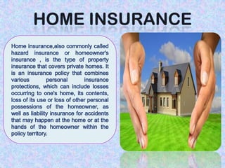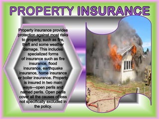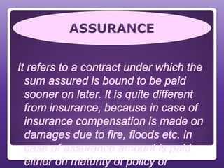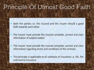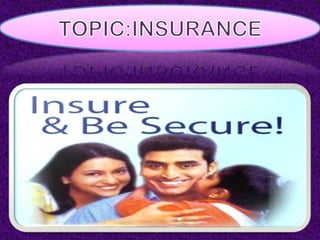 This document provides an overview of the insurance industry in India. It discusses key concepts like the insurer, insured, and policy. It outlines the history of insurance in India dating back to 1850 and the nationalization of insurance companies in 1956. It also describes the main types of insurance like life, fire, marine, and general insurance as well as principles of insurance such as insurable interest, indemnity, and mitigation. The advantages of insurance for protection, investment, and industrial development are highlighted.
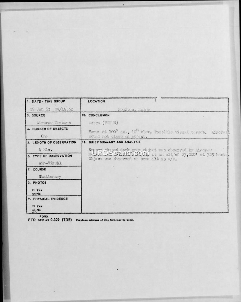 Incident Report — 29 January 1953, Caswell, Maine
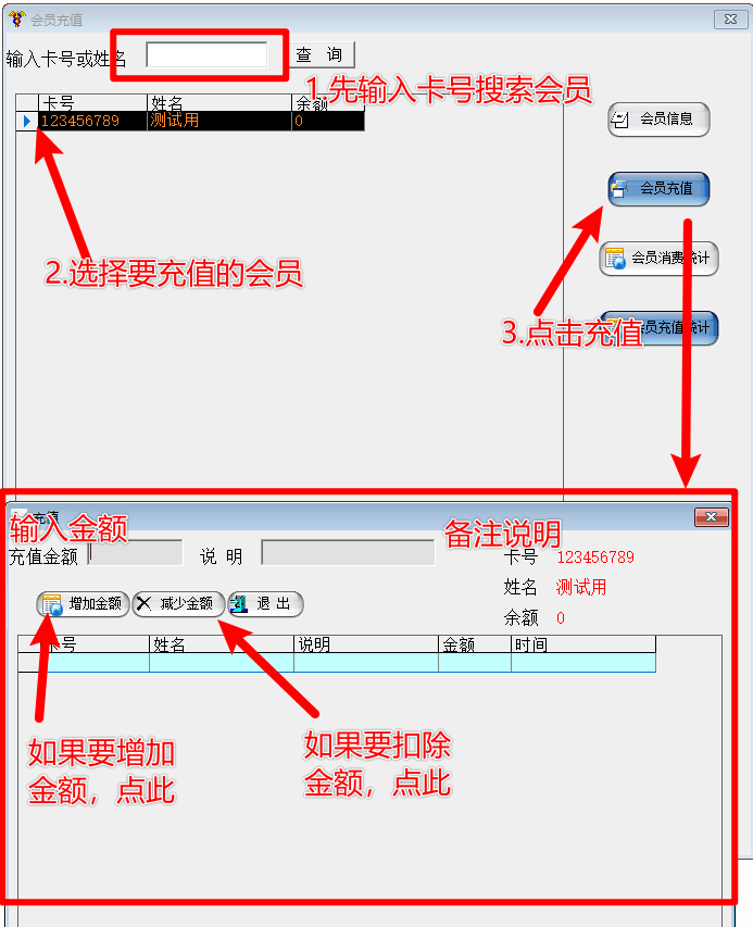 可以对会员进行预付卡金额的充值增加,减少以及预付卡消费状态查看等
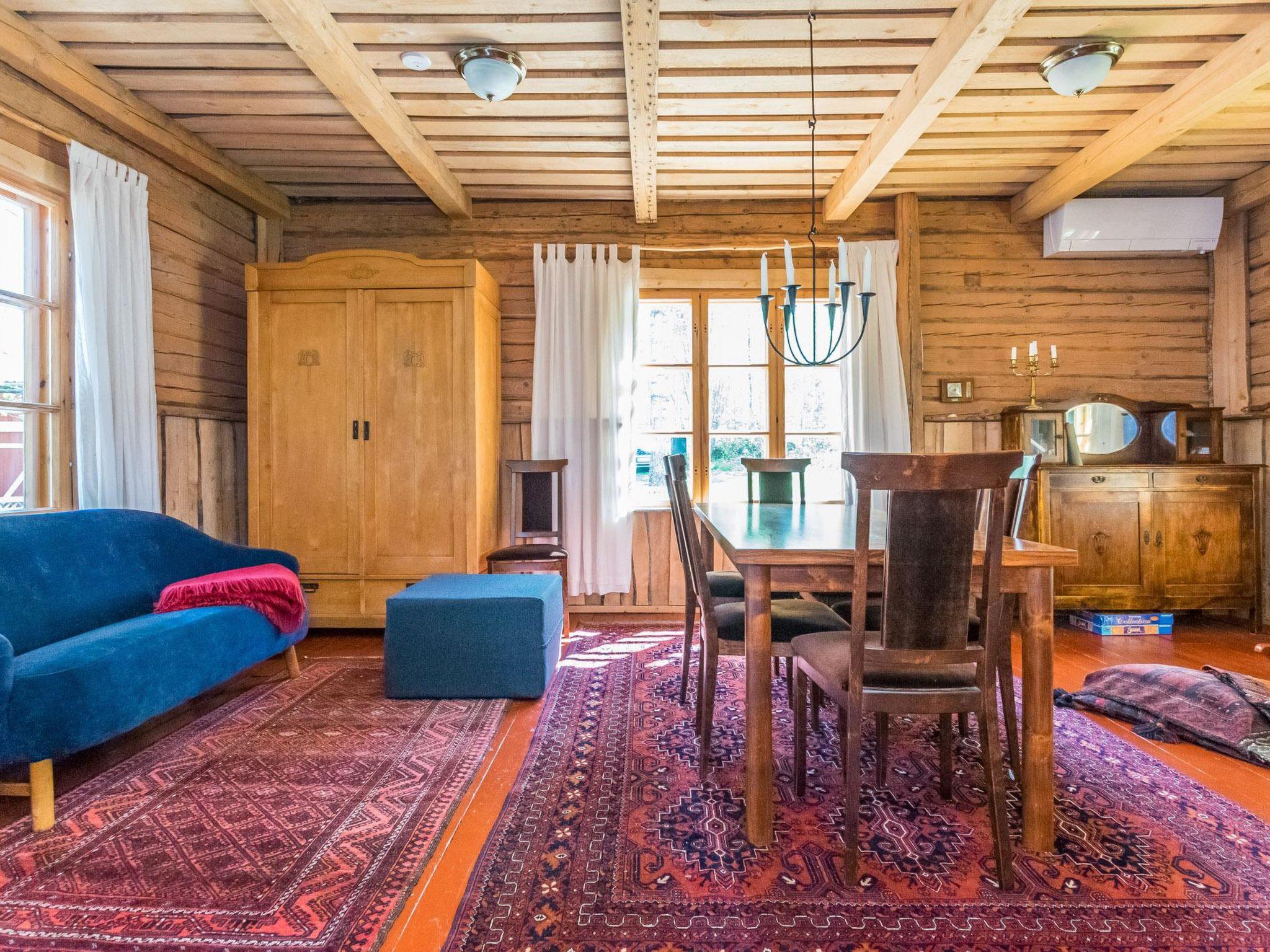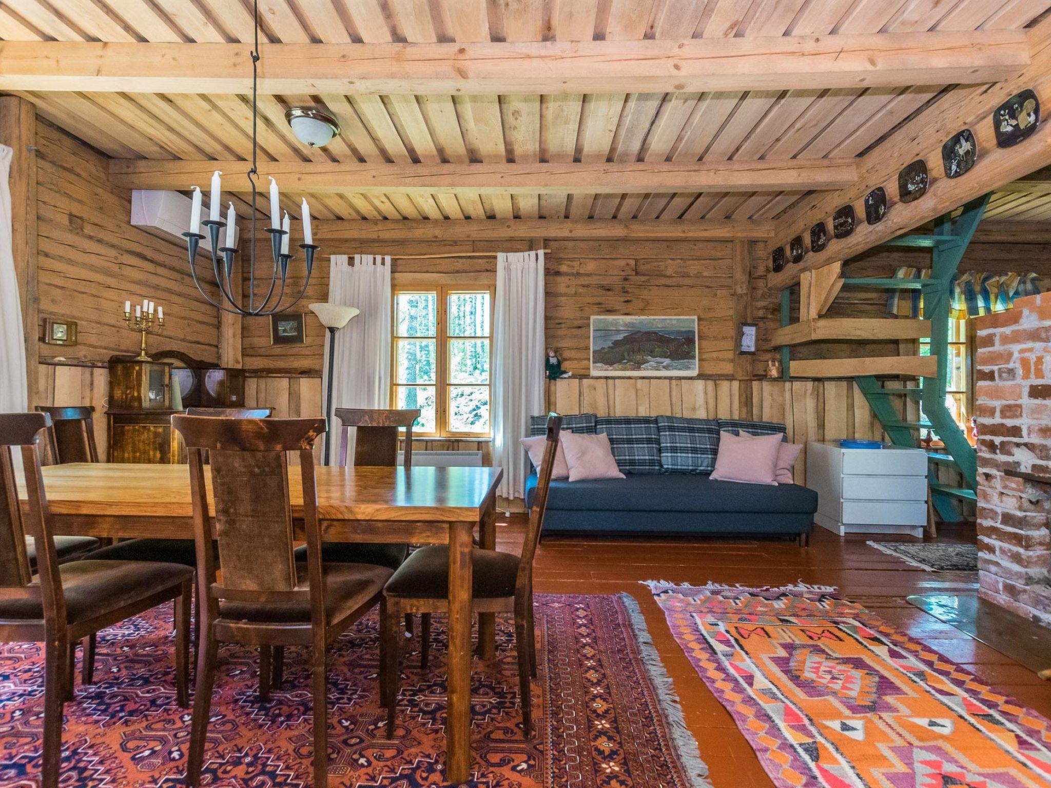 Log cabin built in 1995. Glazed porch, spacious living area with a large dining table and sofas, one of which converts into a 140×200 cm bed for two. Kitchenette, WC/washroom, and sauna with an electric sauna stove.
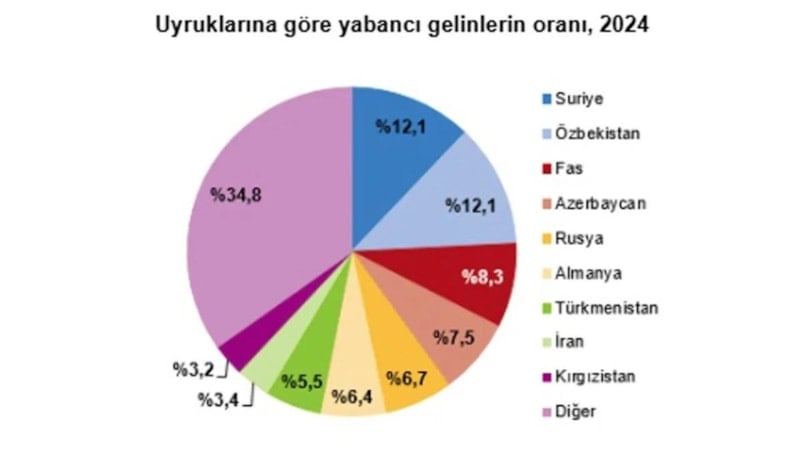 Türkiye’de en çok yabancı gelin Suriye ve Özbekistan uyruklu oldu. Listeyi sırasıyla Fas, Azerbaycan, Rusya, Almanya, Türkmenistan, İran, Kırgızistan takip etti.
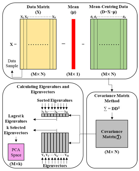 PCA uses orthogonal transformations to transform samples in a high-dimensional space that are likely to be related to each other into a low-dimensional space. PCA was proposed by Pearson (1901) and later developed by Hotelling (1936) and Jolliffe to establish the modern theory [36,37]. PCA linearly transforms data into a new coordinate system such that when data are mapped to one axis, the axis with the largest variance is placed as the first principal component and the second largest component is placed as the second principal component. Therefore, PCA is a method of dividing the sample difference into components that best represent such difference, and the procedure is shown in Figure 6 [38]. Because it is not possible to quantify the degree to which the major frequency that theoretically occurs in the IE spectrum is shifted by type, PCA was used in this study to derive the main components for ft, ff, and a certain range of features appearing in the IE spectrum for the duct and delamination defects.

▶ _Your objective_: What do the entries above read from the line containing "Incident Report —" through the line containing "Türkiye’de en çok"? Output those lines exactly, both ends included, with the pictures left out.

▶ _Exercise response_:
 Incident Report — 29 January 1953, Caswell, Maine
 可以对会员进行预付卡金额的充值增加,减少以及预付卡消费状态查看等
 Log cabin built in 1995. Glazed porch, spacious living area with a large dining table and sofas, one of which converts into a 140×200 cm bed for two. Kitchenette, WC/washroom, and sauna with an electric sauna stove.
 Türkiye’de en çok yabancı gelin Suriye ve Özbekistan uyruklu oldu. Listeyi sırasıyla Fas, Azerbaycan, Rusya, Almanya, Türkmenistan, İran, Kırgızistan takip etti.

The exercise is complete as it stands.